My Story

I was diagnosed with Stage 3 Her2 positive breast cancer Dec. 27th, 2011. I had three large tumors in my left breast, I also had two positive lymph nodes and so with 5 positive biopsies I started my journey. In the beginning, it was a whirlwind and within a week, I was getting a port and preparing for chemo and the rush to save my life was on. Eight months later (August 20th) after stopping chemo (12 sessions) and not having surgery (a suggested double mastectomy) or radiation like my doctors wanted me to, I sat at Cancer Treatment Centers of America in Illinois and heard the results of a mammogram, MRI, Pet Scan and blood tests were that they could find no cancer in my body. The nurses and doctors were baffled and no one could explain how I could have had this terrible cancer and it was now gone, except for me. I said the Lord healed me through prayers, education, diet and supplements. I started this blog when I was first diagnosed, it is not just about on cancer, but my life and day-to-day thoughts and activities. There are suggested websites, blogs, videos and more here that I believe can benefit those dealing with cancer and those who want to be preventative. My hope is that you and yours will learn, be encouraged and healed. My family prays every night for those with cancer and that you will be not only be healed but that you will live long and happy lives.
Please check out the right side and scroll down to "This blog" for highlights.
Love and Blessings on your journey.
Karri

Tuesday, February 14, 2012

February 12, 2012 - Notting Hill

I am so tired and I haven't been sleeping, up usually at 5:00 a.m.
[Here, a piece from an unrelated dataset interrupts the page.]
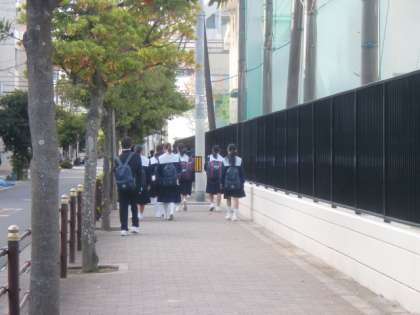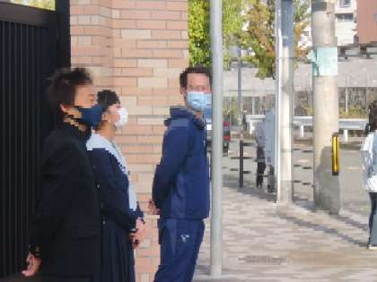 学校の様子(登校時の安全指導の様子)西住宅集会所前JR高架橋前

There are a mariad of issues all of which would take a while to address.
I am not happy about cancer right now and the way it is trying to knock me over with the insanity of it's agenda and schedule. I can handle things pretty well for the most part, but quite honestly I feel like Julia Roberts in Notting Hill when she just wanted to get away from all the publicity and such. But in my case it's cancer I am trying to get away from and it's attached at the breast. Remember the door being opened and her being just so suprised and suddenly aware that she was found by all the people with their flashing cameras? I feel that way. I am so suprised still after 6 weeks now! This is my life and it hasn't seemed to slow down at all yet, in fact we are still at a crazy pace and speed and I just want to shut the door (like she did in the movie) on this cancer and walk on to something new and better.

Thank God for tomorrows, even if they aren't numbered.